Уж я-то знал, что, даже если бы у меня совсем не было ни рук, ни ног, ты бы никогда не назвала меня инвалидом! Кто угодно, но только не ты! Не ты!!! Знаешь, как противно, когда тебе напоминают о здоровье! Просто противно, и все!!! И никогда не смей больше говорить об этом! Я сам позабочусь о себе!

От этих слов мне стало совсем плохо. Я наклонилась к брату, поцеловала его глаза.

– Ну прости меня, пожалуйста. Прости… Я была не права. Не права… Я идиотка! Я дура! Я сволочь! Я гадина! Я самая ужасная и скверная девчонка в этом мире! Я недостойна иметь такого брата, как ты! Слышишь, недостойна!

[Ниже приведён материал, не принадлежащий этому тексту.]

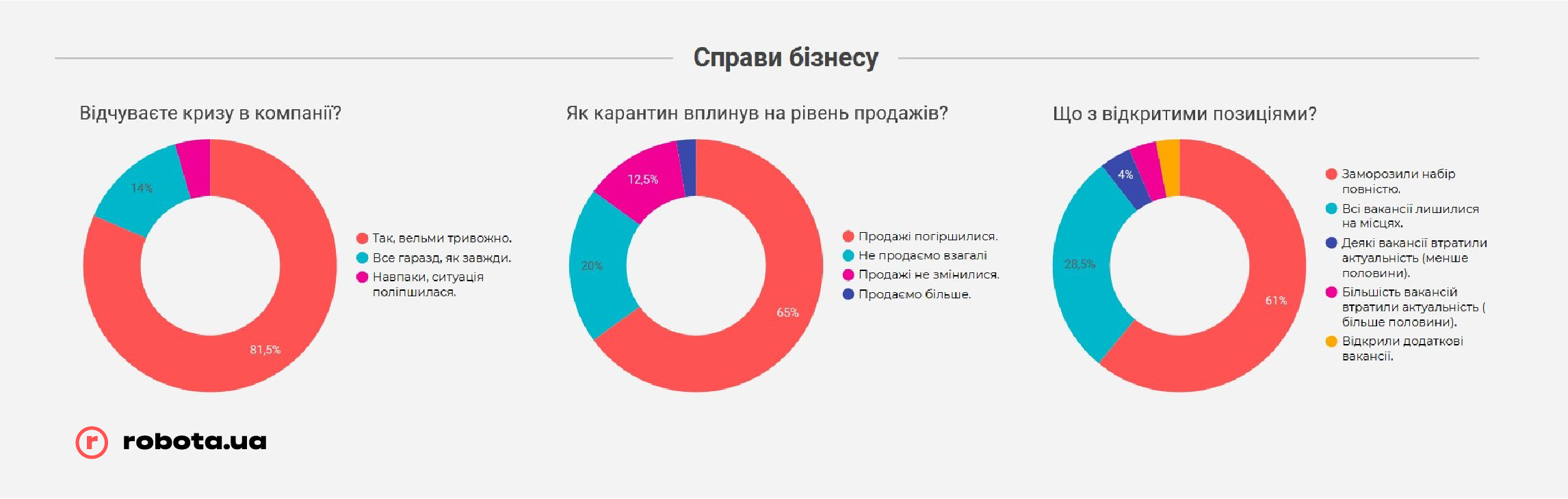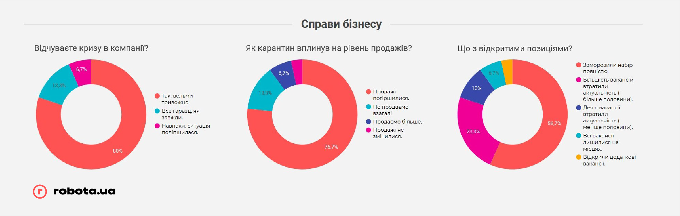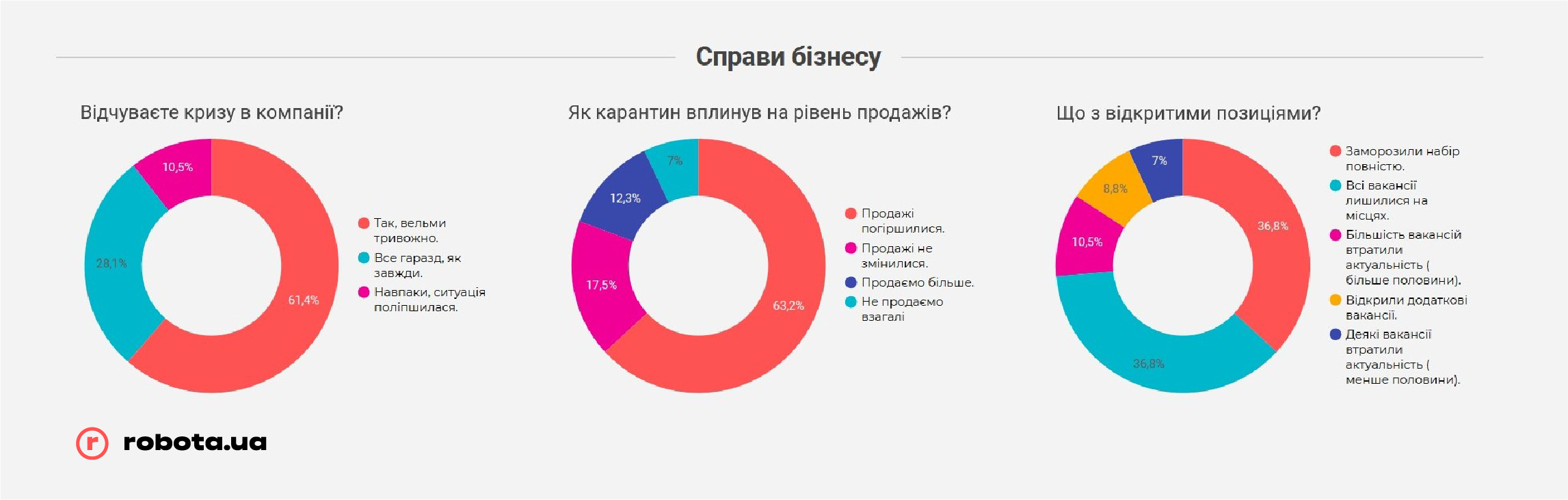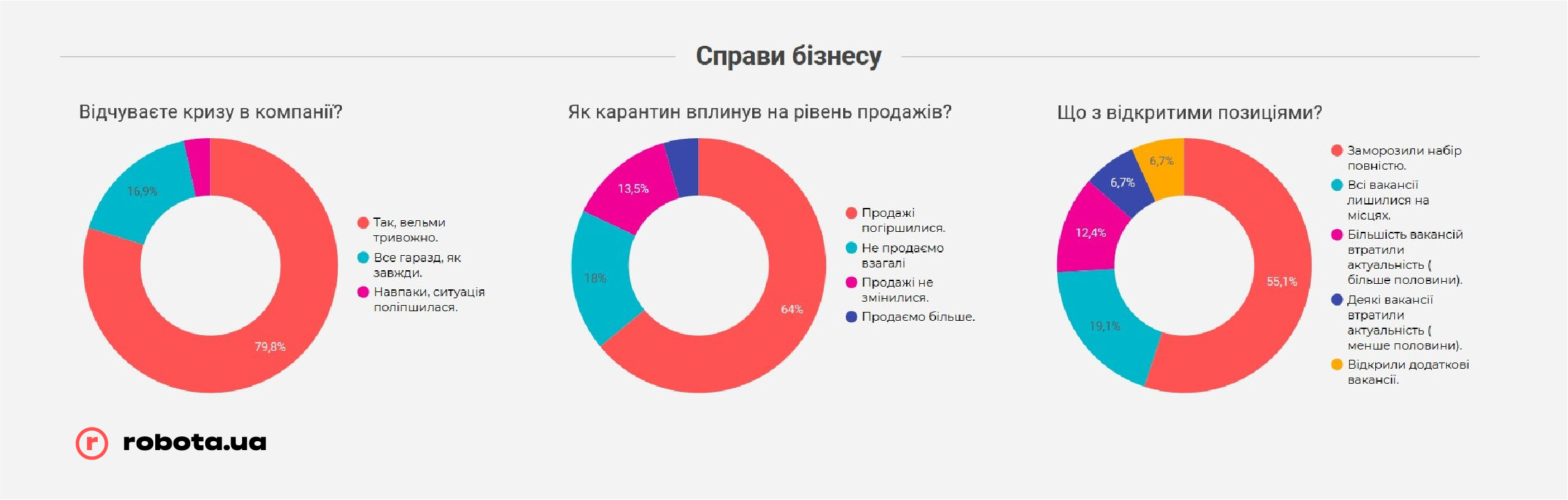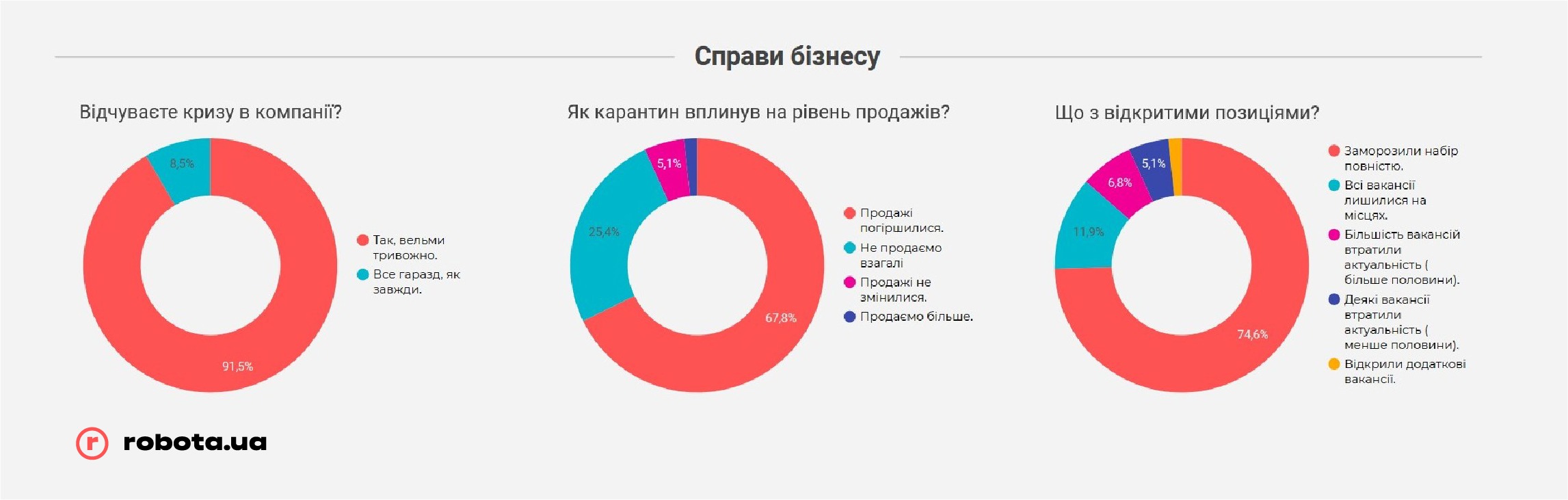 Но не стоит забывать, что robota.ua проводила опрос всего после первого месяца жестких ограничений ведения бизнеса. В случае, если карантин продлится дольше, чем до середины мая, показатели могут быть совсем другими, и гораздо более печальными. К этому времени «запас прочности» закончится у подавляющего большинства малых предприятий и значительной части среднего бизнеса, и тогда они будут вынуждены прибегать к массовым сокращениям, в том числе путем банкротства компаний, так как ресурсов на выплату заработных плат или иных платежей у них уже просто не хватит.

Я стала сама себя хлестать по щекам и ругать на чем свет стоит. Брат не выдержал, громко рассмеялся, вытер выступившие слезы и притянул меня к себе.

– Ты сумасшедшая!

Поняв, что меня уже простили я наклонилась к нему совсем близко и промурлыкала, как добродушная кошечка:

– Жень, ты меня простил?

– Конечно, разве тебя можно не простить?

– Значит, простил, – торжественно похлопала я себя по груди. – Сама не понимаю, почему я завелась. Пусть они у твоих дверей хоть целыми днями валяются. Я готова их пачками собирать. У меня брат – всем братьям брат! Ходячие мужики не могут того, что ты вытворяешь на инвалидной коляске. От тебя девки голяком, без трусов ломятся! Молодец, братишка, так держать! Даешь им жару!

Да замолчи!!! – смеялся брат и снова потянулся ко мне. – Господи, и почему мне так повезло?! Ты самая лучшая сестра!

– А ты самый лучший брат. Пойдем погуляем?

– Пойдем. Вернее, поедем. – Женька хлопнул рукой по колесу инвалидной коляски и посмотрел на меня заметно погрустневшими глазами. – Ходить уже никогда не смогу, а только ездить… Да и то на инвалидной коляске…

Я улыбнулась, надела на брата дубленку и, закутав ноги в теплый плед, вывезла его в сад.

– Жень, тебе не холодно? – Я натянула на его голову шапку.

– Ты закутала меня, словно ребенка, – проворчал он.

– А ты и есть для меня ребенок.

– Это кто ребенок? Младшая сестра ты.

– Была раньше. А теперь я стала старшенькой.

– Так уж и старшенькой?!

– Я тебе говорю, старшенькой…

Я запахнула полы своей норковой шубки и с неприязнью посмотрела на падающий снег.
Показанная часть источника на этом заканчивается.